A further embodiment comprises a processing means, for example a computer, or a programmable logic device, configured to or adapted to perform one of the methods described herein.
A further embodiment comprises a computer having installed thereon the computer program for performing one of the methods described herein.
In some embodiments, a programmable logic device (for example a field programmable gate array) may be used to perform some or all of the functionalities of the methods described herein. In some embodiments, a field programmable gate array may cooperate with a microprocessor in order to perform one of the methods described herein. Generally, the methods are advantageously performed by any hardware apparatus.
While this invention has been described in terms of several embodiments, there are alterations, permutations, and equivalents which fall within the scope of this invention. It should also be noted that there are many alternative ways of implementing the methods and compositions of the present invention. It is therefore intended that the following appended claims be interpreted as including all such alterations, permutations and equivalents as fall within the true spirit and scope of the present invention.
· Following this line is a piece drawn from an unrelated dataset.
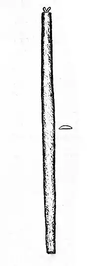 The ʻūkēkē is a musical bow made of koa wood, 16 to 24 inches long and about 1½ inches wide with two or three strings fastened through and around either end, tuned to an A major triad. Prior to the introduction of steel strings, gut or sennit (coconut fibre) were used.

BIBLIOGRAPHY- [1] ISO/IEC 14496-3:2001; Information technology—Coding of audio-visual objects—Part 3: Audio.
- [2] 3GPP TS 26.403; General audio codec audio processing functions; Enhanced aacPlus general audio codec; Encoder specification; Advanced Audio Coding (AAC) part.
- [3] ISO/IEC 23003-3; Information technology—MPEG audio technologies—Part 3: Unified speech and audio coding.
- [4] 3GPP TS 26.445; Codec for Enhanced Voice Services (EVS); Detailed algorithmic description.